In response to Blankenship’s petition, conservative Justice Clarence Thomas wrote a short concurrence in which he raised concerns over the efficacy of Sullivan in the modern media landscape and urged the court to reconsider the actual malice standard in “an appropriate case.”
It’s not the first time Justice Thomas has signaled his openness to reconsideration of the long-held precedent. Last year, he wrote a dissenting opinion following the court’s denial of writ of certiorari in a separate case that he believed to be the proper vehicle for reconsideration of Sullivan.
“I would grant certiorari in this case to revisit the ‘actual malice’ standard,” he wrote in 2022. “This case is one of many showing how New York Times and its progeny have allowed media organizations and interest groups ‘to cast false aspersions on public figures with near impunity.’”
In 2021, fellow conservative Justice Neil Gorsuch also voiced his concerns about Sullivan and whether its framework can be justly applied in the current media landscape.

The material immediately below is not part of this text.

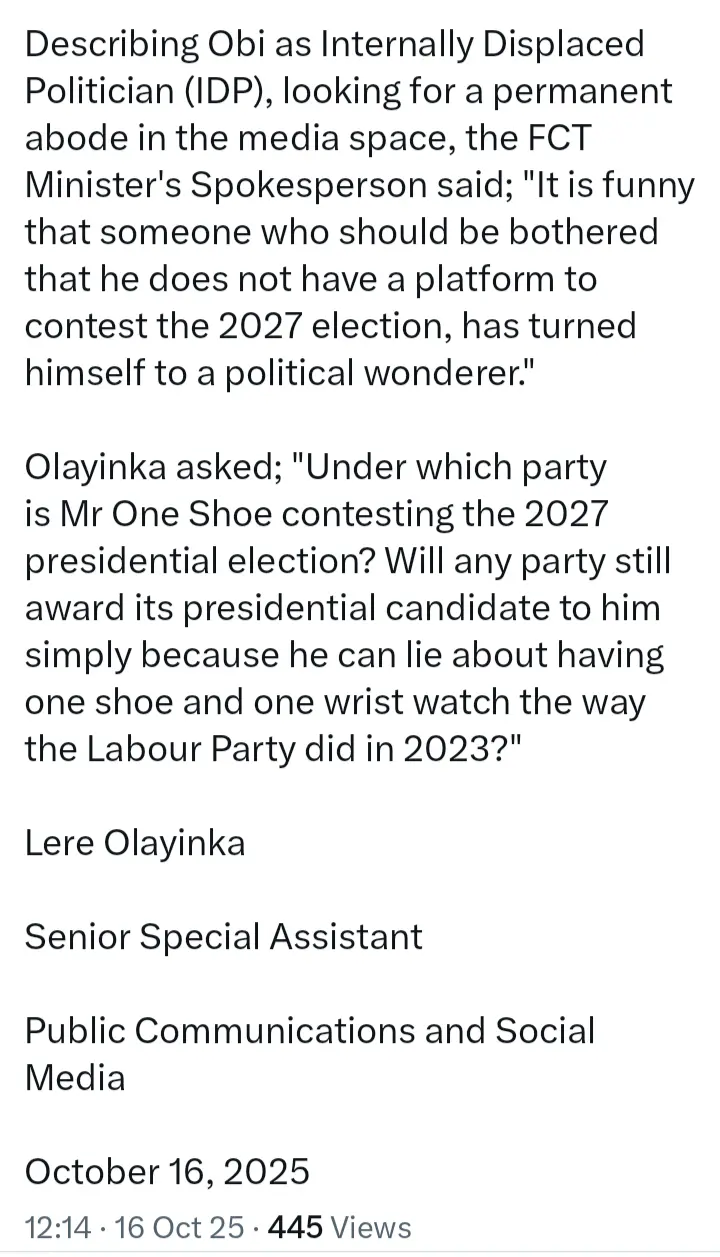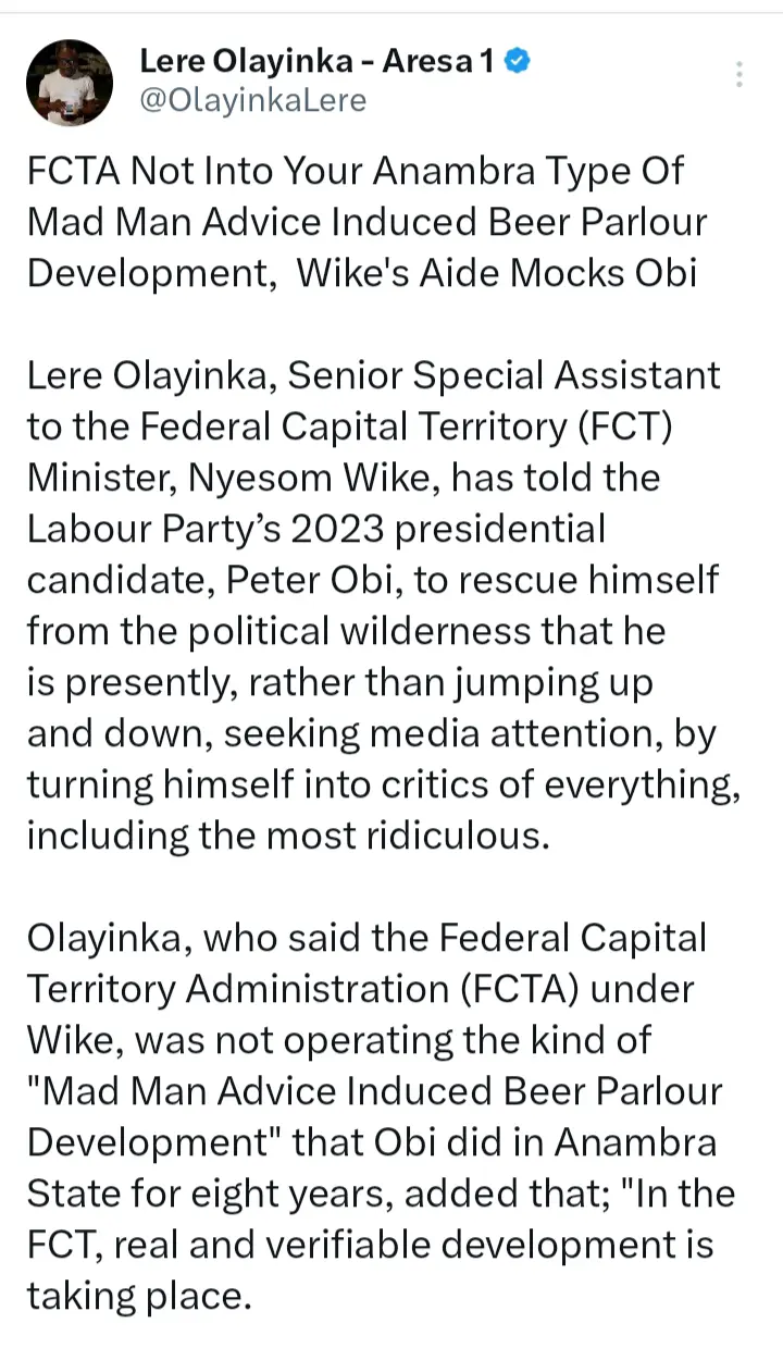 Lere Olayinka, spokesperson for the Federal Capital Territory (FCT) Minister Nyesom Wike, has again criticized Peter Obi, the Labour Party’s 2023 presidential candidate and former governor of Anambra State over his comment as regards educational infrastructure in the FCT.

“It’s unclear how well these modern developments serve Sullivan’s original purposes,” he wrote. “Not only has the doctrine evolved into a subsidy for published falsehoods on a scale no one could have foreseen, it has come to leave far more people without redress than anyone could have predicted. Rules intended to ensure a robust debate over actions taken by high public officials carrying out the public’s business increasingly seem to leave even ordinary Americans without recourse for grievous defamation.”